CBRE revenue rises despite market uncertainty
Commercial property markets are feeling the weight of uncertainty, with leasing decisions taking longer to execute. Photo: Steven Siewert

CBRE revenue rises despite market uncertainty

Revenue at CBRE’s Pacific Advisory Services ticked up 4 per cent in the third quarter, despite the broader slowdown of activity in the commercial property market as rising rates and economic uncertainty weigh on business confidence.

Doing the heavy lifting for the New York-listed CBRE’s local arm were its property management and valuation and advisory services businesses, which both recorded strong double-digit revenue growth. Adding to the uplift was the acquisition of TelferYoung, New Zealand’s largest independent property valuation and advisory firm.

“Leasing revenue rebounded despite economic uncertainty,” Phil Rowland, chief of CBRE Australian and New Zealand operations, said.

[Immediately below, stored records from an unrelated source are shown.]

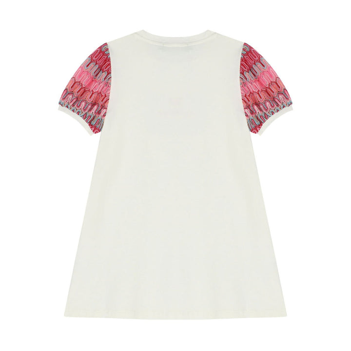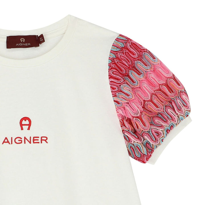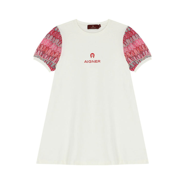 Ivory cotton dress for girls by AIGNER. Beautiful crochet lace puff sleeves give a fun twist to this casual jersey dress without compromising on comfort. The signature 'A' horseshoe logo is embroidered on the front in red alongside the brand name for a designer finish.
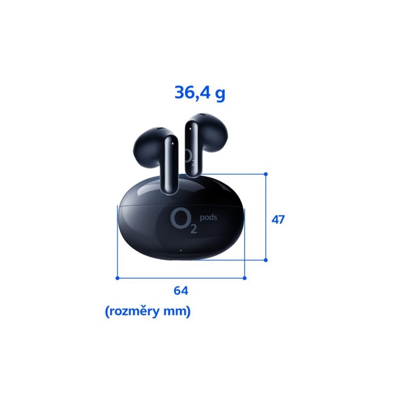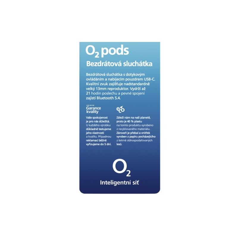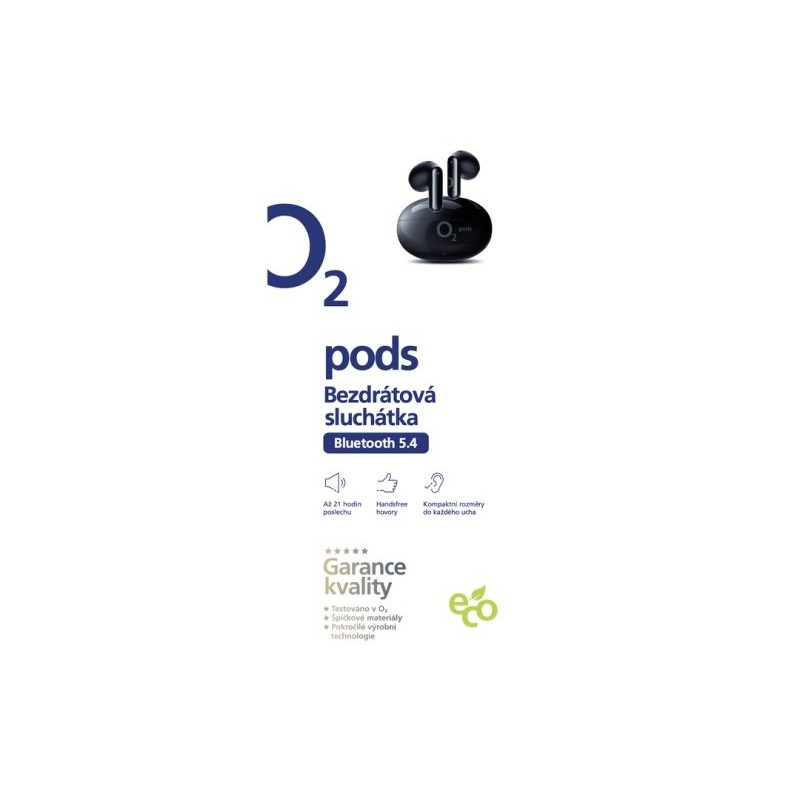 Bezdrátová sluchátka O₂ pods přinášejí dotykové ovládání, technologii True Wireless, automatické párování a Handsfree režim. Podporují také mono režim. Komfortní design zajišťuje, že sluchátka skvěle padnou do každého ucha. Na jedno nabití vydrží až 4 hodiny, s nabíjecím pouzdrem pak celkem 21 hodin. LED dioda. Sluchátka mají 13mm reproduktory (104 dB, impedance 32 Ω, frekvenční rozsah 20 Hz - 20 kHz), SBC kodek, Bluetooth 5.4. ECO: 40 % recyklovaného plastu. Obsah balení: sluchátka, nabíjecí pouzdro, USB-C/A kabel
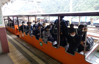 宇奈月トロッコ電車に乗って欅平に行って、紅葉の山を散策しました。朝方は寒かったですが、途中からは天候にも恵まれ、秋の紅葉を楽しみました。昼食後は、日本最古を誇る魚津水族館で、いろいろな魚や生き物を鑑賞しました。

“Office occupier activity was underpinned by healthy levels of white-collar employment growth and a heightened focus on high-quality space to strengthen the employee value proposition. However, we’re seeing some signs that rising wages and input costs are impacting business certainty, with leasing decisions taking longer to execute.”

The slowdown was evident on the transactions front as well, with $8 billion in deals struck by CBRE and its peers in the 2022 third quarter across the office, retail and industrial markets, down from $12.1 billion in the previous corresponding quarter.

“Sales performance for the quarter was subdued reflecting lower volumes of transaction activity as interest rate rises, inflation and a deteriorating global economic outlook weighed on investor sentiment,” Mr Rowland said.

Also noteworthy were the efforts of its agribusiness, hotel and retail teams, which nailed down a number of significant transactions, Mr Rowland said. The debt and structured finance team also had an active quarter as owners and investors looked to adjust to a rising interest rate cycle, he said.

The local results reflect broader trends across its global operations, with the commercial property powerhouse posting a 19 per cent drop in its core earnings per share measure over the third quarter. Headquartered in Dallas, CBRE reported core pre-tax earnings of $US606 million ($944 million) last week.

“Lower third quarter core earnings-per-share reflected a sharp deterioration in the macro environment, particularly with regard to capital availability for transactions,” chief executive Bob Sulentic said in a statement. “Nevertheless, core earnings-per-share was well above any third quarter in our history, except for last year’s especially strong result.”